FISH (fly-replete, in depth of June,
Dawdling away their wat'ry noon)
Ponder deep wisdom, dark or clear,
Each secret fishy hope or fear.
Fish say, they have their stream and pond;
But is there anything beyond?
This life cannot be all, they swear,
For how unpleasant, if it were!
One may not doubt that, somehow, good
Shall come of water and of mud;
And, sure, the reverent eye must see
A purpose in liquidity.
We darkly know, by faith we cry,
The future is not wholly dry.
Mud unto mud! - Death eddies near -
Not here the appointed end, not here!
But somewhere, beyond space and time,
Is wetter water, slimier slime!
And there (they trust) there swimmeth one Who swam ere rivers were begun,
Immense, of fishy form and mind,
Squamous, omnipotent, and kind;
And under that Almighty Fin,
The littlest fish may enter in.
Oh! never fly conceals a hook,
Fish say, in the Eternal Brook,
But more than mundane weeds are there,
And mud, celestially fair.
Fat caterpillars drift around,
And paradisal grubs are found;
Unfading moths, immortal flies,
And the worm that never dies.
And in that Heaven of all their wish,
There shall be no more land, say fish.

Rupert Brooke

 The "one who swam ere rivers were begun" looms within the mythical waters of many cultures. Some have conceived of the cosmic fish as the whole physical universe, the symbol of the progress of the world across the sea of the unformed essences of worlds dissolved or not yet manifest.
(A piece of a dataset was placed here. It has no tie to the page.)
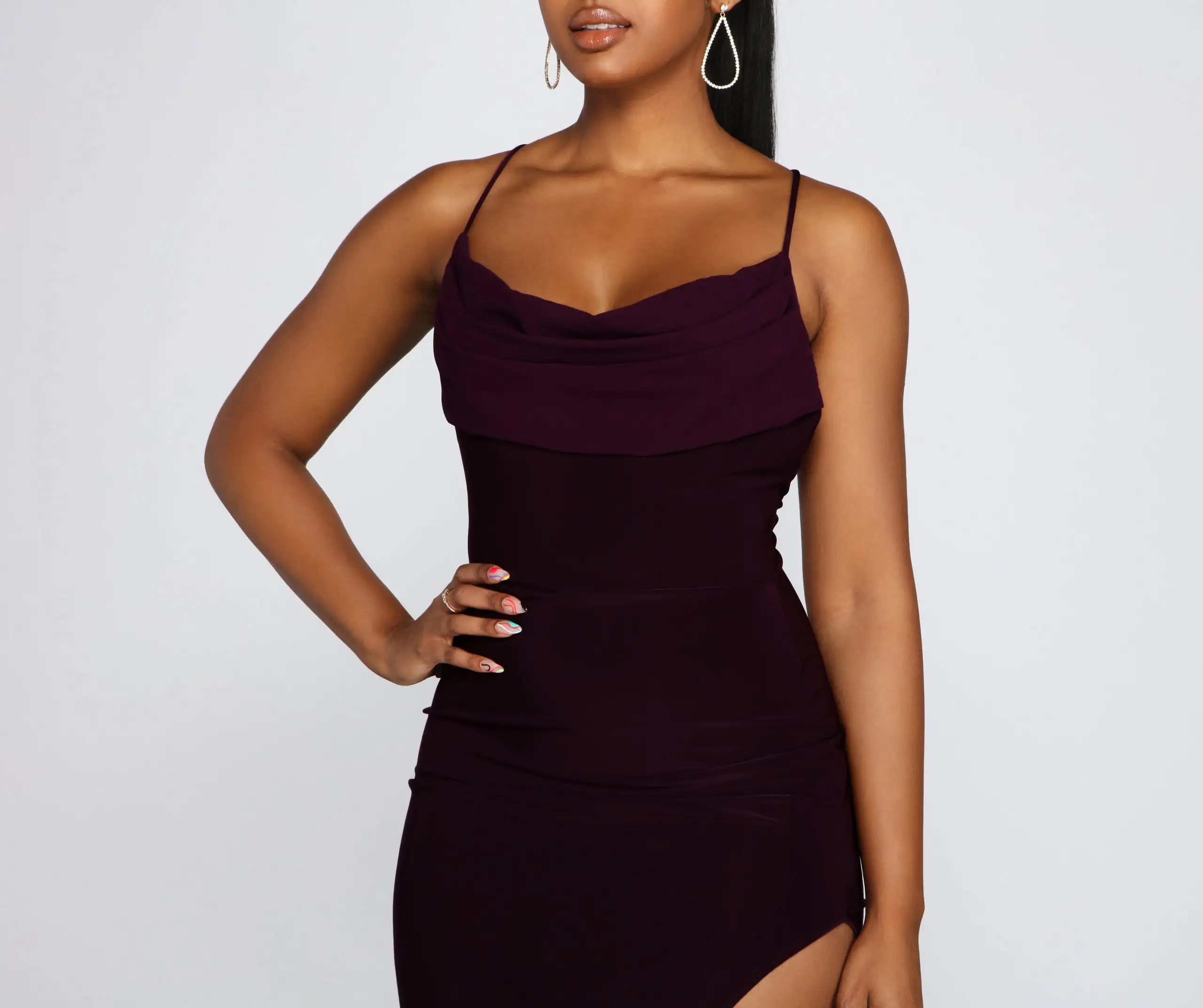 Make your mark with a captivating formal dress that brings the sophistication! Inez features a sleeveless cowl neckline, adjustable spaghetti straps that cross at the back, a ruched side seam, and a high side slit. The dress is composed of a smooth knit fabric that offers a form hugging fit with a moderate stretch. Complete look with

Others, like the Altaic-speaking people, believed that when Ulgen created the disc of the earth upon the primordial waters, he supported it with three great fishes who could be raised or lowered by a rope attached to their gills. Held in the hand of the Bodhisattva Manjushri, a slight pulling could produce earthquakes and floods, an idea which crops up in Eastern European and Semitic lore as well. The Kirghiz notion that a bull supporting the world on his horns stands on a great fish in the world ocean is similar and suggests an interesting sequence of forms reminiscent of the Minoan bull that came from the sea. The zodiac itself holds four such pillars: the Bull, the Scorpion, the Lion and the Southern Fish, each residing at the corners of its great spiralling wheel. But it is the Fish that represents the point of transformation and cyclic change, the pillar of form which finds its base in a prior period of primordial becoming.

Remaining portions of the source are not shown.